**Action item:** Every line below containing the word "your" should be found and copied.

**Input:**
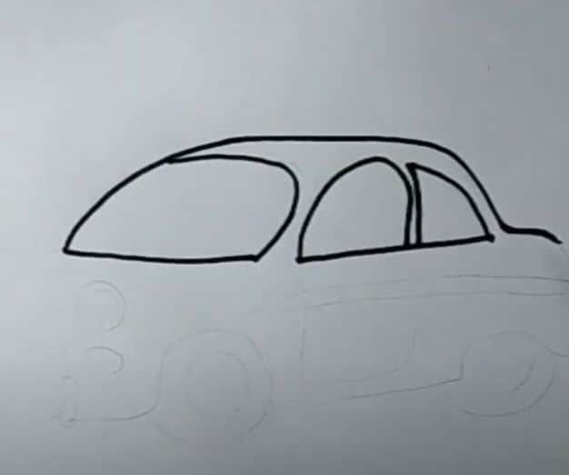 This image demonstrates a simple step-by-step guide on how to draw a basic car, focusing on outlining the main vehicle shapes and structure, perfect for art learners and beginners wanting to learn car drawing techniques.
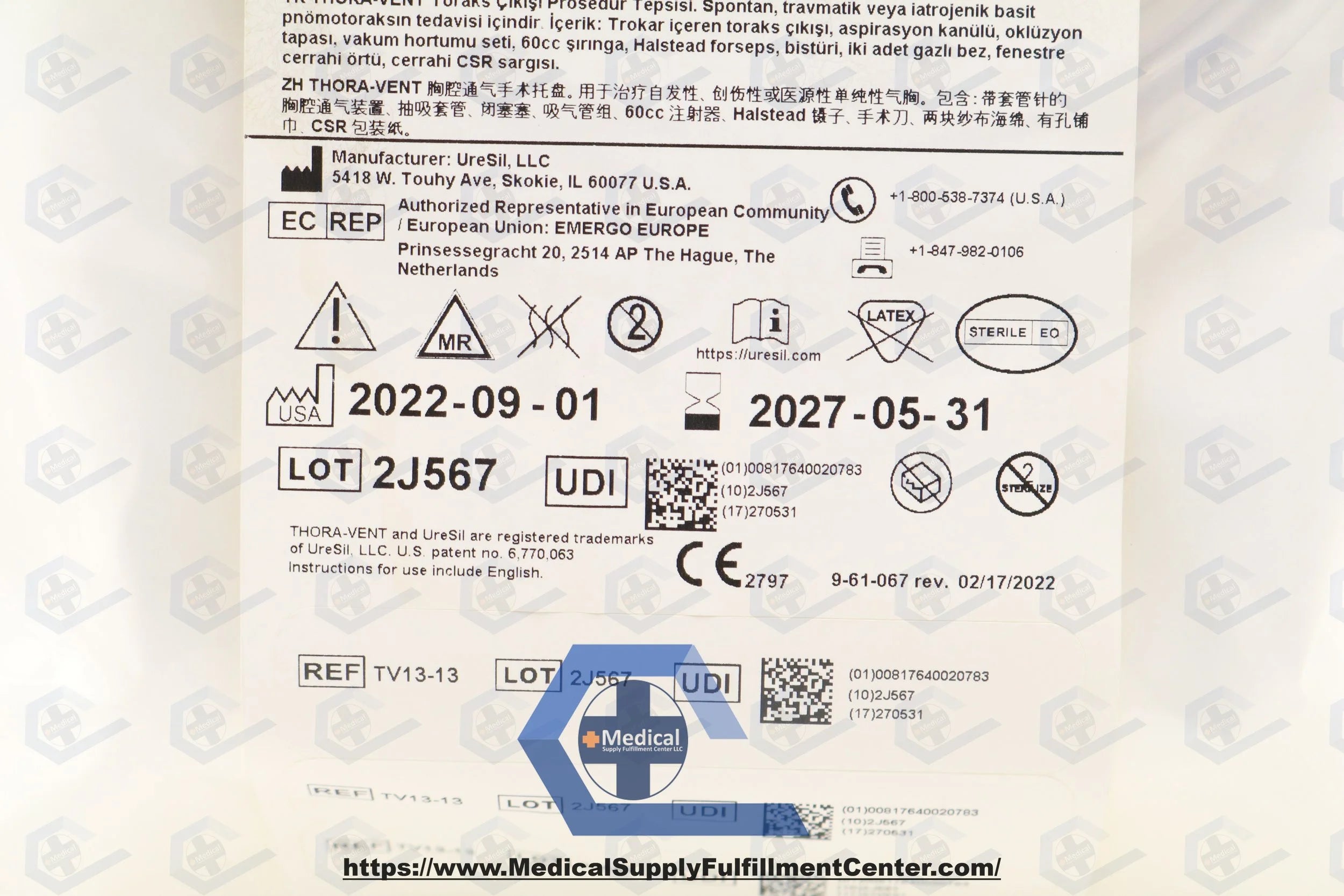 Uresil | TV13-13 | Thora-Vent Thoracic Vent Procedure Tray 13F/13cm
--
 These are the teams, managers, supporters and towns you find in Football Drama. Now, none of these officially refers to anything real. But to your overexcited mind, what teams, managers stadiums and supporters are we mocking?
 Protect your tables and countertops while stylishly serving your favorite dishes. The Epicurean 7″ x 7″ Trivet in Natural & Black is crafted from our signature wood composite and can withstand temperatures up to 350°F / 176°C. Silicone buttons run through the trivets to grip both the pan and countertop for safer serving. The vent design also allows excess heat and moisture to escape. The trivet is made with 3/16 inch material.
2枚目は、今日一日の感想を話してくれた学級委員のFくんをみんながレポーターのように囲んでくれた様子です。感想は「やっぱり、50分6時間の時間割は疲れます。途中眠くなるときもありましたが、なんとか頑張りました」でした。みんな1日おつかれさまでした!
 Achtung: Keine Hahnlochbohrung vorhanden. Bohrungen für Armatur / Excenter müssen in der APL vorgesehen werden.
---
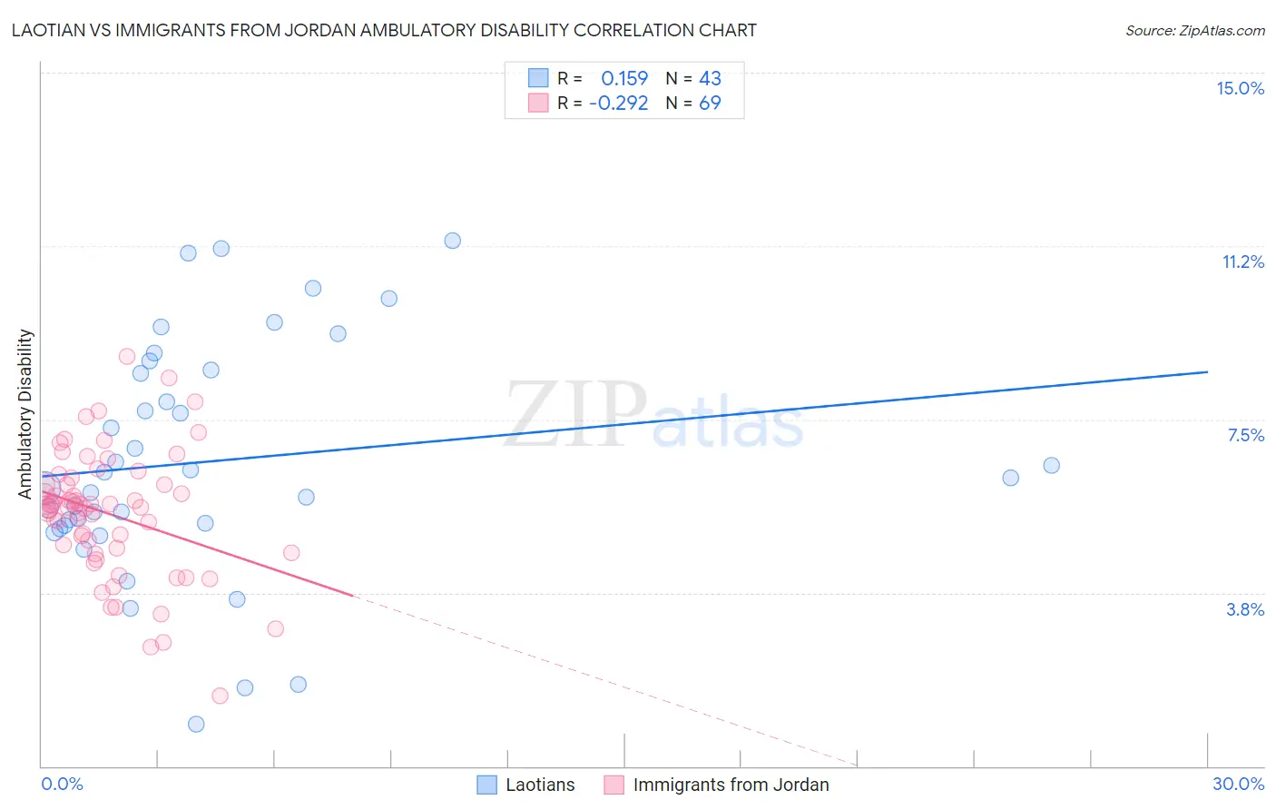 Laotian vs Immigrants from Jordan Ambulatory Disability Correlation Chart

**Problem solution:**
 These are the teams, managers, supporters and towns you find in Football Drama. Now, none of these officially refers to anything real. But to your overexcited mind, what teams, managers stadiums and supporters are we mocking?
 Protect your tables and countertops while stylishly serving your favorite dishes. The Epicurean 7″ x 7″ Trivet in Natural & Black is crafted from our signature wood composite and can withstand temperatures up to 350°F / 176°C. Silicone buttons run through the trivets to grip both the pan and countertop for safer serving. The vent design also allows excess heat and moisture to escape. The trivet is made with 3/16 inch material.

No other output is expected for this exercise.